When installing Ansible onto our machine, one of the nice things we get is access to is the ansible-galaxy init {our_role_name_here} command. Essentially this creates a full directory structure for our forthcoming role with barely any effort on our part.

But we're using Docker to run Ansible. So how can we achieve this?

docker run --rm \
    -v $(pwd):/etc/ansible/roles \
    williamyeh/ansible:alpine3 \
    ansible-galaxy init codereviewvideos.common --init-path=/etc/ansible/roles

It's long winded and quite impractical for day to day usage, but it works.

The ansible-galaxy init command will create the requested role name (codereviewvideos.common in our case) in the same directory that you run the command. As we run the command with Docker, the current working directory will be the root dir (/) unless we tell Docker otherwise.

In this case we tell Docker to mount a volume mapping our local current working directory ($(pwd)) to the /etc/ansible/roles path in the resulting container.

Then we use the --init-path=/etc/ansible/roles to force ansible-galaxy to use that path instead of the default.

There are ways to make this process a touch more palatable. One such way is to use a Makefile:

# from your project root dir

touch Makefile
vim Makefile

Adding the contents:

create_role:
    @docker run --rm \
        -v $(CURDIR)/roles:/etc/ansible/roles \
        williamyeh/ansible:alpine3 \
        ansible-galaxy init $(role) --init-path=/etc/ansible/roles

As ever with Makefile's, be careful to use tabs not spaces.

This should then allow you to run:

make create_role role=test
- test was created successfully

tree roles
roles
├── codereviewvideos.common
│   ├── README.md
│   ├── defaults
│   │   └── main.yml
│   ├── files
│   ├── handlers
│   │   └── main.yml
│   ├── meta
│   │   └── main.yml
│   ├── tasks
│   │   └── main.yml
│   ├── templates
│   ├── tests
│   │   ├── inventory
│   │   └── test.yml
│   └── vars
│       └── main.yml
└── test
    ├── README.md
    ├── defaults
    │   └── main.yml
    ├── files
    ├── handlers
    │   └── main.yml
    ├── meta
    │   └── main.yml
    ├── tasks
    │   └── main.yml
    ├── templates
    ├── tests
    │   ├── inventory
    │   └── test.yml
    └── vars
        └── main.yml

18 directories, 16 files

rm -rf ./roles/test

Swell.

Now you might not need all the gubbins that this command creates. However, it's a good structure to work from, and very little real effort on our part (I assume you copy / pasted my commands rather than typed them out).

Towards Running Our First Ansible Playbook

To finish up this first section, we're going to add a task to our 'common' role which will be installing Vim onto our server. We will then run that command to get that software on to the server, and more generally, to ensure Ansible is working as expected.
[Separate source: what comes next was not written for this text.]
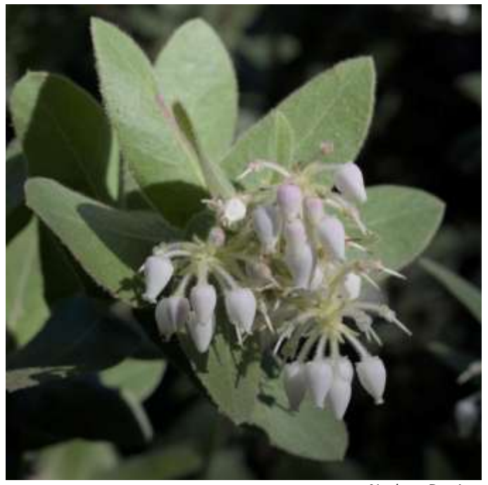
Kings Mountain manzanita, Arctostaphylos regismontana, El Corte De Madera Creek Open Space Preserve, January 2025

I spotted this Arctostaphylos regismontana while hiking in El Corte De Madera Creek OSP this weekend (CRPR 1B.2)*. This was the first time I was able to identify a manzanita from my hiking photos because I've gotten better at capturing the necessary features of the plants for ID.

You may use vim on a day to day basis. If you do, you likely have a bunch of special commands that are unique to your own work-flow. I use vim to do ad-hoc editing, and very little else. For my day to day work I use an IDE (typically a JetBrains one, or VS Code currently). Therefore all I care about here is ensuring I have vim on my server, but not some highly customised version of vim. The basic Ansible package management commands will suffice in my situation.

Inside roles/codereviewvideos.common/tasks/main.yml

---
- name: install vim
  package:
    name: vim
    state: present

In other words, we are going to start with a server that doesn't have vim installed. Then we will run our Ansible playbook using Docker. After the playbook run completes, our target server should have vim installed. Super.
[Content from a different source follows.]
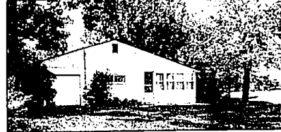
100' OF SYLVAN LAKE FRONT. Full bath cottage with 3 bedrooms, city water and sewer. Swimming and large boat dock. Land Contract available. $62,500 ABR 73210 Call 626-4000.

We need to tell Ansible about our 'inventory' of servers. In our case we have just one server for the moment. As per the Ansible best practices directory structure we are going to create a production inventory file in our local Ansible root dir:

# from your project root dir

touch production

And in to that file:

[rancher-2-kubernetes-nodes]
rk8s-node-1 ansible_host=6.10.118.222

It would be nicer to use valid DNS names - www.example.com or whatever - but I'm assuming we don't have that info just yet, so I've just made up a name. You could just go with the IP address, but this makes certain tasks harder a little later on.
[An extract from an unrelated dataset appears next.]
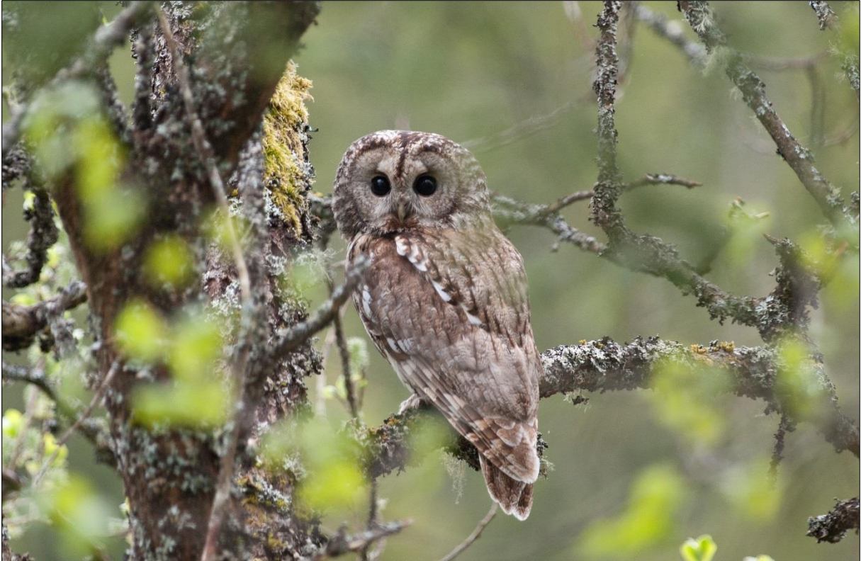
Female tawny owl at nesting site in Nord-Trøndelag. By 2013, more than 350 nestboxes have been erected for the species in the Trøndelag counties.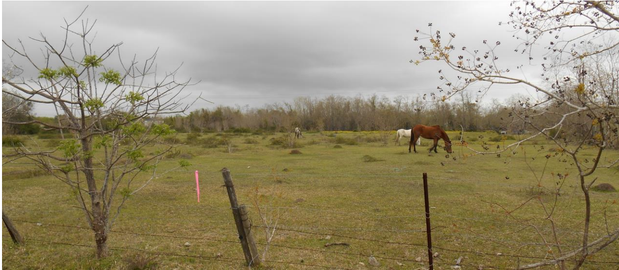
View of the site from Dickinson Ave. facing northeast

When using Ubuntu 16.04, we will hit upon a problem in that Python 3 is installed, but by default, Ansible will try to use Python 2 when running commands on the remote system. There are various ways to solve this problem including host_vars, and / or group_vars entries. I prefer an approach that I consider simpler at this stage, which is to add an extra bit of config inside the inventory file:

[rancher-2-kubernetes-nodes]
rk8s-node-1 ansible_host=6.10.118.222 ansible_python_interpreter=/usr/bin/python3

If for any reason you think you will have your host in multiple groups, an alternative form may be:

rk8s-node-1 ansible_ssh_host=6.10.118.222 ansible_python_interpreter=/usr/bin/python3

[rancher-2-kubernetes-nodes]
rk8s-node-1

We're almost there.

However if we run the ansible-playbook command just now, we will still hit two problems:

  1. Ansible will likely struggle to connect via SSH
  2. Even if it can connect, it won't run our commands as sudo

Fixing both of these can be achieved using a new file:

touch ansible.cfg

And into that file:

[defaults]
host_key_checking = false

[privilege_escalation]
become=True
become_method=sudo
become_user=root

host_key_checking ensures we don't hit the first time SSH connection pop-up:

The authenticity of host '6.10.118.222 (6.10.118.222)' can't be established.
ECDSA key fingerprint is SHA256:XcfdNEw6zjsSZXbdaeTGfIQFgyP09Cp2Q7+SW+gnn8U.
Are you sure you want to continue connecting (yes/no)?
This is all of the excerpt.